Добился своего, сыграли свадьбу. А через полгода Кольку посадили на десять лет, там, в колонии, он и сгинул после кровавой драки. Осталась Ленка молодой вдовой с ребенком на руках, обозленной и неприкаянной. С Сергеем она сцепилась сразу же из-за пустяка, и как Вера ни старалась, Ленка не приняла его, терпела только ради матери.

Для Сергея настала новая полоса. Те два года, что он прожил в Луговой, стали самыми светлыми в жизни и самыми яркими в творчестве. Комната на втором этаже после того, как очистил от хлама, вымел мусор и пыль, отмыл и отскреб полы, оказалась то что надо, просторной, светлой от большого окна. Только вот взбираться туда было сложно, не было капитальной лестницы, и Сергей приспособил шаткую стремянку, валявшуюся в дальнем углу сада. Впрочем, это избавляло от любопытных, прознавших, что у Верки поселился настоящий художник, картины рисует красоты неимоверной…

Рано утром, с восходом солнца Сергей с этюдником выходил на поиски сюжетов своих будущих картин. Лето клонилось к исходу, наступала осень, щедро окрашивая окрестные леса лимонными, охряными, багряными, пунцовыми красками. Вот на опушке – болото в окружении угрюмых, темных елей. Сквозь жесткий камыш смоляно проглядывает стылая вода. Хмурое, нависшее небо не отражается в тяжелой густой массе воды, все уныло, безнадежно. Но сквозь толпу монахинь-елей на бережок выбежала молоденькая рябинка, наряженная в праздничный карминный наряд с монистами рубиновых бусин, и ярким пятном осветила похоронную свиту. Молодая, праздничная жизнь пробивает себе дорогу сквозь все беды и несчастья!

Сергей торопливо набрасывает эскиз будущей картины, главное – поймать и запомнить палитру красок, настроение, чтобы потом в мастерской воссоздать этот сюжет, этот поэтический рассказ природы. Время летит незаметно, уже высоко поднялось и припекает осеннее солнце, смазывая гамму красок, и он с сожалением складывает этюдник, только сейчас почувствовав волчий голод. Нужно возвращаться домой, там, в мастерской, доработать этюд, пока еще живы впечатления, пока они еще не потерялись из памяти. Кончались карагандинские деньги, вырученные от продажи картин. Часть этих денег он оставил маме, и Сергею пришлось поработать на продажу. На Измайловском рынке он нашел дельца, скупавшего его натюрморты и букетики цветов, небольшой, но твердый, постоянный заработок.
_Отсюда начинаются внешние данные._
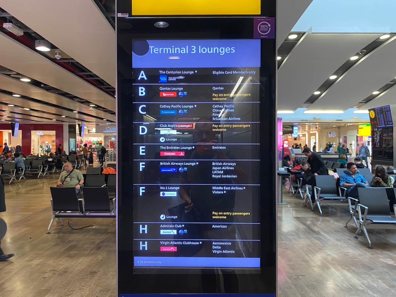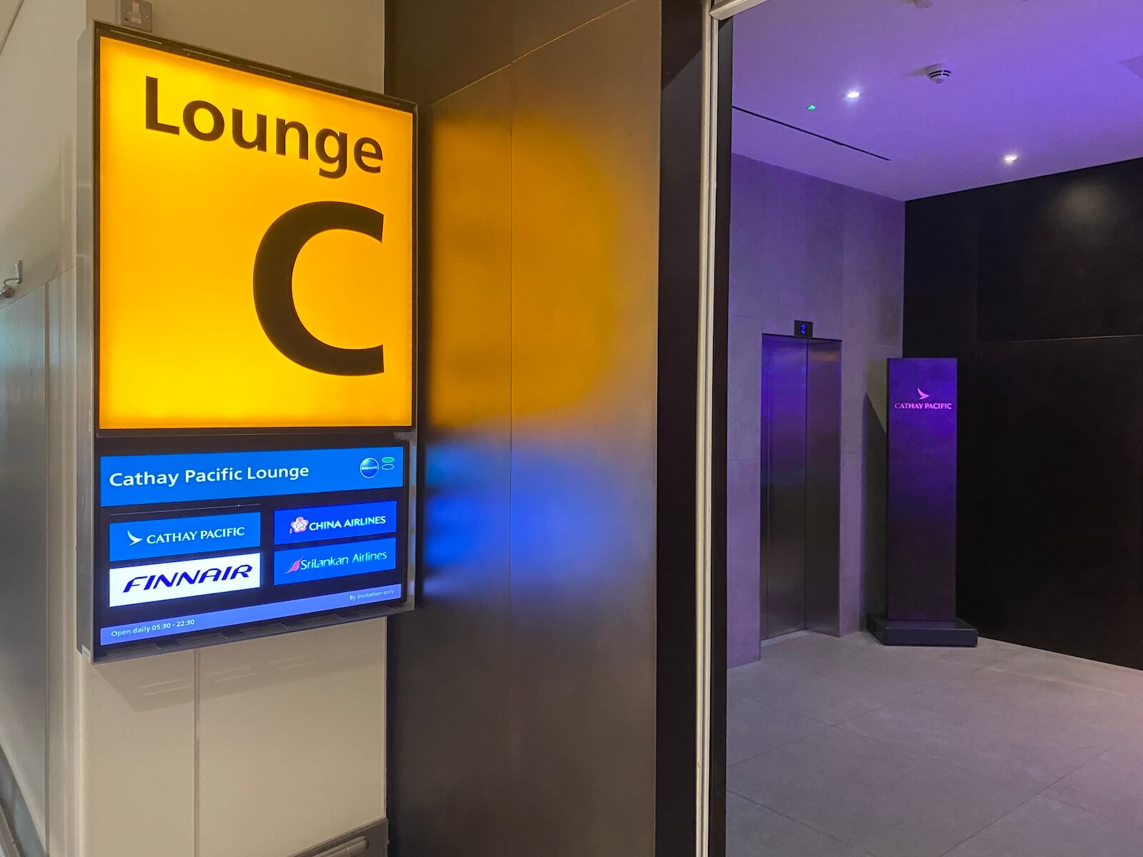 Die Cathay Pacific Lounge befindet sich wie alle anderen oneworld Lounges in Terminal 3 und liegt direkt neben der Qantas Lounge. Die Lounges in Terminal 3 sind alle mit einem großen Buchstaben gekennzeichnet. Passend zu Cathay hat die Lounge den Buchstaben C. Checkt ihr ganz normal am Counter der Airlines ein und geht durch die Sicherheitskontrolle, steht ihr im Shopping-Bereich des Terminals. Dort findet sich eine große Auflistung aller Lounges. Folgt den Schildern an der Decke zu den Lounges B – H. Biegt vor Qantas Lounge rechts ab und ihr seht den Eingangsbereich zu den Cathay Pacific Lounges.

Вера попросила его запечатлеть борисовскую реликвию – старый купеческий самовар дедушки Гаврилы Степановича, забытый, валявшийся на втором этаже, потемневший со временем. Она хотела его отчистить, надраить до блеска, но Сережа замахал руками.

– Что ты! Ни в коем случае! Ты все испортишь! Это же древность!

Эту картину Вера повесила на самое-самое видное место. Самовар стоял на карминной, в черный горошек скатерти, отсвечивая темной благородной медью боков, а перед ним – два ярких золотых пятна лимонов. Старая московская подруга Ольга, единственная оставшаяся от прежней жизни, всплеснула руками:

– Боже мой, какая прелесть! Настоящее чудо! Откуда у тебя этот шедевр?

Оценке Ольги можно было доверять, она работала в редакции технического журнала «Отопление и вентиляция», была в курсе всех событий в культурной жизни, не пропускала ни одной выставки и держала форму, не то что распустеха Вера. С мужем она, конечно, была в разводе, хотя и перезванивалась. Жаль, что журнал закрывали из-за этой самой Перестройки и Ольга оставалась без работы.

– Я не самый большой эксперт в искусстве, – заявила она, – но мне кажется, что это настоящая живопись. Я могу тебе, Вера, устроить и настоящего эксперта. Есть у меня связи…

В этом году осень была на редкость теплой и красочной, левитановской. Накануне угасания природа растрачивала нажитые за лето богатства в безоглядном карнавале с переодеванием в золото и пурпур, устилала уставшую от зноя землю пышным ковром кленовых листьев, наполняла воздух пьяными винными ароматами, и тончайшие нити осенней паутины щекотно набивались в глаза и нос.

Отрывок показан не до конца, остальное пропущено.